IN Brief:
- Rohlig SUUS Logistics has opened a subsidiary in Tashkent, Uzbekistan.
- The operation will cover road transport, freight forwarding, warehousing, intermodal services, and customs brokerage.
- The move strengthens logistics capacity along Central Asian trade routes.
Rohlig SUUS Logistics has opened a subsidiary in Uzbekistan, expanding its Central Asian presence with a new operation in Tashkent.
The subsidiary will provide international road transport, domestic distribution, sea, rail, and air freight forwarding, intermodal services, warehousing, and customs brokerage. The move follows the company’s expansion into Kazakhstan and gives Rohlig SUUS a deeper operating base in a region increasingly used for overland freight, industrial supply chains, and alternative trade routing.
Uzbekistan’s location gives it access to routes between Europe, Central Asia, China, and the Caspian region, making it more relevant to logistics providers as shippers reassess corridor risk. Border congestion, longer maritime transits, geopolitical disruption, and container imbalances have all pushed businesses to look more carefully at multimodal alternatives.
With more than 2,600 employees and over 40 branches across nine markets, Rohlig SUUS is building a network that combines forwarding, warehousing, and customs capability rather than relying only on partner coverage.
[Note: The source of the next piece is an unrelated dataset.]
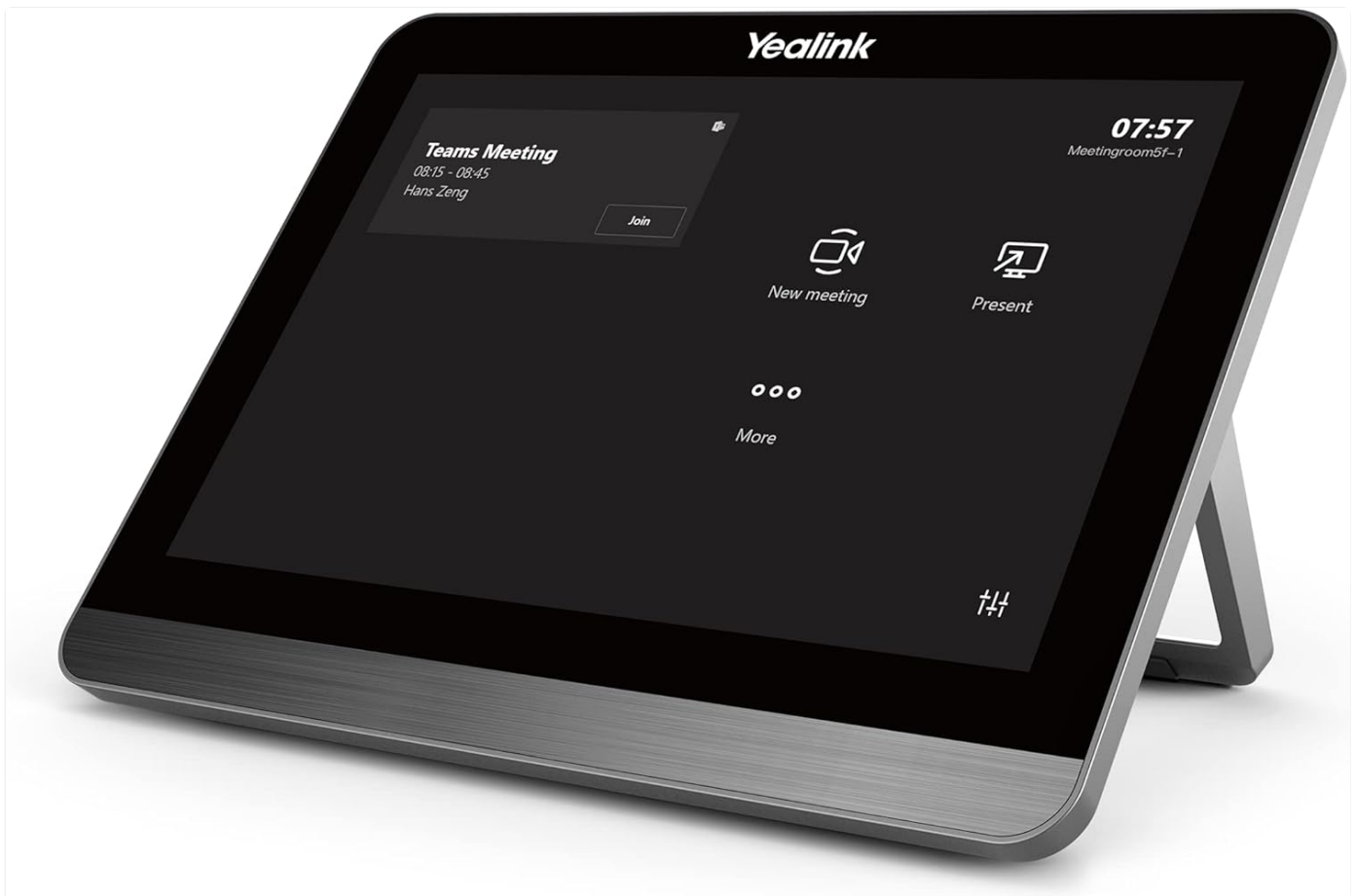
Figure 4: Yealink CTP18 Touch Panel. This image displays the CTP18 Touch Panel, which serves as the primary control interface for the A30 Meeting Bar system.

A local office in Tashkent should improve control over documentation, domestic distribution, and cross-border coordination.
Regional road freight capacity has also been growing elsewhere in Asia, with Rhenus strengthening its Asia Pacific road freight network as logistics providers add more overland options outside traditional coastal gateways. Rohlig SUUS’ Uzbekistan expansion belongs to the same wider shift towards route optionality and local control.
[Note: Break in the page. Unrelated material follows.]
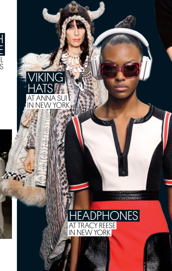
VIKING HATS AT ANNA SUI IN NEW YORK
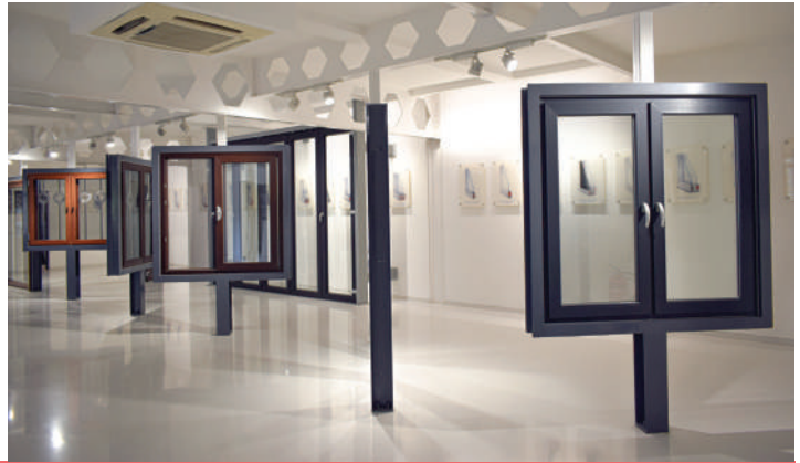
Encraft Experience Centre

Central Asia is not a direct replacement for maritime freight or air cargo, but it can add resilience where lead times, cost, or disruption exposure make single-route planning too fragile. For industrial shippers, even partial route diversity can support contingency planning, especially for machinery, components, raw materials, and higher-value cargo.
The practical advantage of a local subsidiary is often found in operational detail. Customs brokerage, warehouse availability, domestic transport, language capability, and border documentation can determine whether a route is usable at scale. Without those services in place, an alternative corridor may remain commercially attractive in theory but unreliable in practice.
Uzbekistan also has its own manufacturing and export base, giving logistics providers a two-way opportunity. Imports support industrial development, consumer supply, machinery, and components, while exports include textiles, agricultural products, manufactured goods, and regional trade flows. A forwarder with local operations can connect those flows into wider European and Asian networks.
Route diversity is becoming a structural requirement rather than a temporary reaction to disruption. Companies that can combine road, rail, air, sea, warehousing, and customs services across emerging logistics markets will have a stronger position as trade flows continue to shift around infrastructure, regulation, and geopolitical constraints.
For Uzbekistan, the next stage will depend on infrastructure quality, border performance, and regional cooperation. Rohlig SUUS’ Tashkent operation adds another professional logistics layer to a market that is gaining weight in Eurasian freight planning.